Throught our <geosys/> platform, we make geospatial analytics easily accessible for you to be browsed or analyzed, within our cloud or within your own environment. We provide developers and data scientists both flexibility and extensibility with analytic ready data and digital agriculture ready development blocks. We empower your team to enrich your systems with information at the field, regional or continent level via our API or Apps.
We have a team of experts around the world that understand local crops and ag industry, as well as advanced analytics to support your business.

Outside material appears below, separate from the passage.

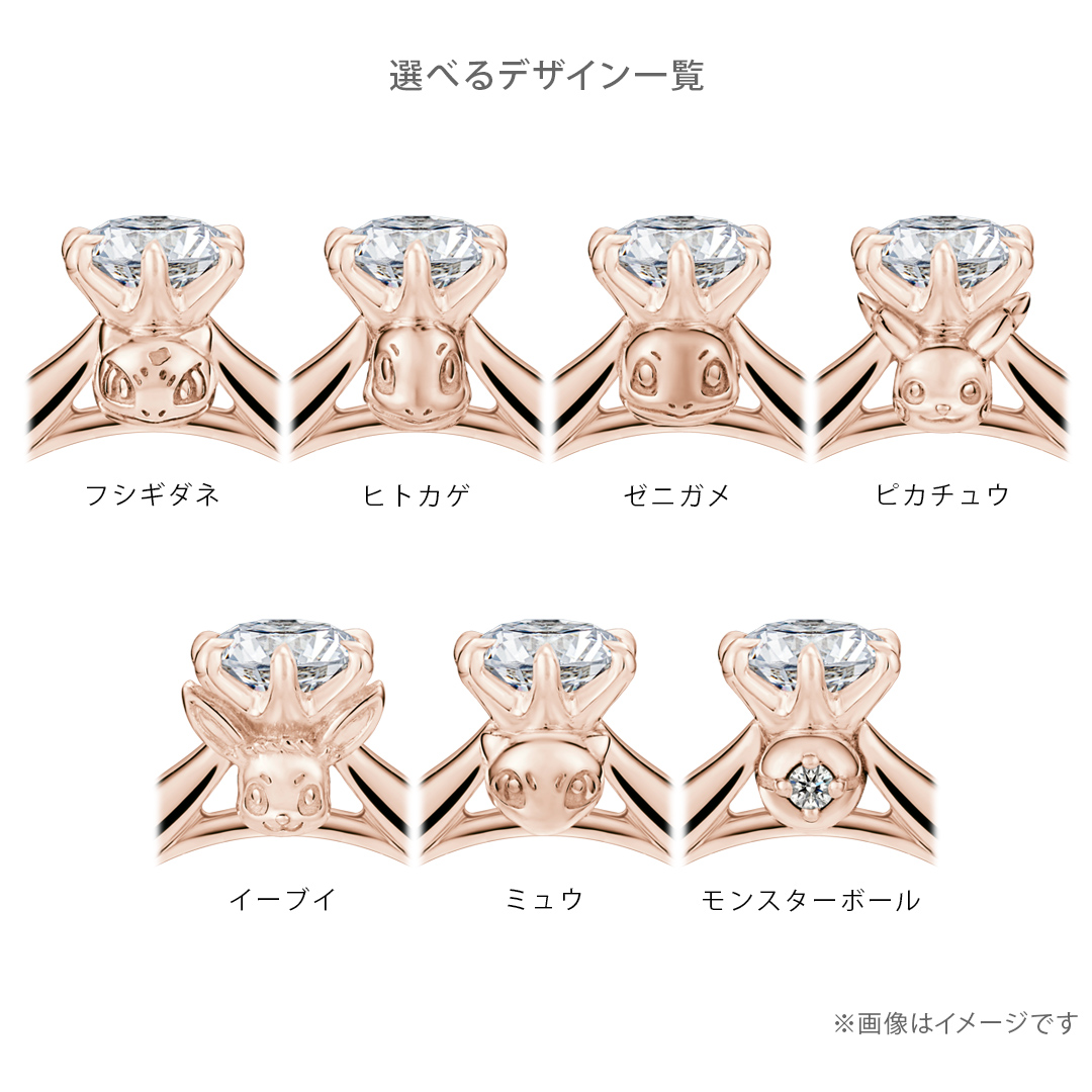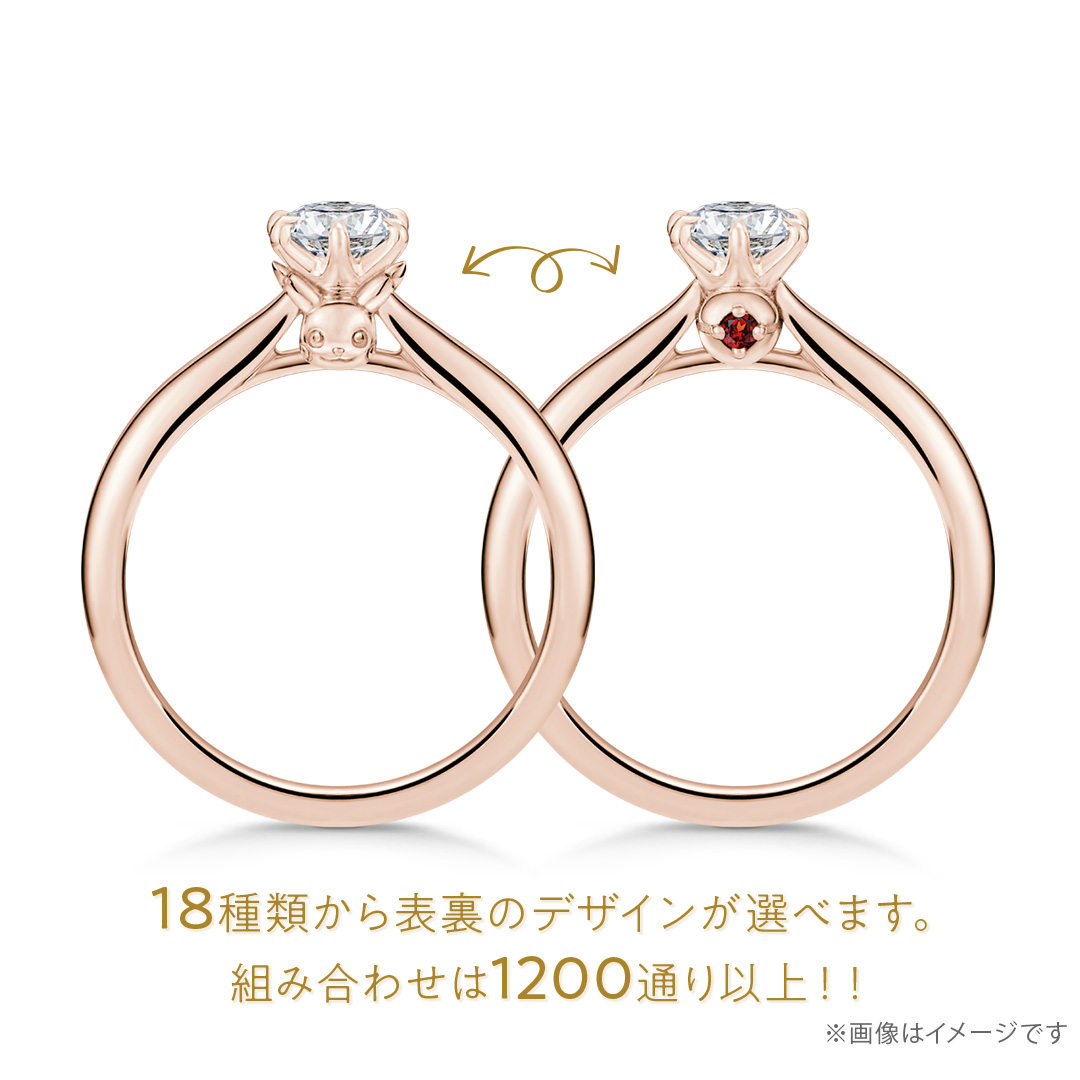 セレクトオーダーができるポケモンのソリティアリングが登場!「ポケモンのマーク」「素材」「カラーストーン」を組み合わせて、楽しく簡単に婚約指輪を作製できます。

We have established a developer community to provide you with plug-ins and integrations to be able to discover, request and use aggregate imagery products based on Landsat, Sentinel, Modis and many other open and commercial satellite sensors.
The geosyspy
python package aims to provide an easy and ready to use library allowing any Python developers to quickly experience Earthdaily Agro capabilities.
Features
- Data sourcing:
- Get aggregated NDVI/EVI normalized times series from Modis satellite imagery as pandas dataframe
- Get aggregated historical and forecast weather data (precipitation, temperatures...) location based time series as pandas dataframe
- Get SENTINEL 2, LANDSAT 8 and LANSAT 9 satellite images time series in xarray format
- Analytic publication:
- Save and retrieve custom data in Analytics Fabrik
See documentation and Examples notebook for more information
Getting started
Prerequisites
Make sure you have valid credentials. If you need to get trial access, please register here.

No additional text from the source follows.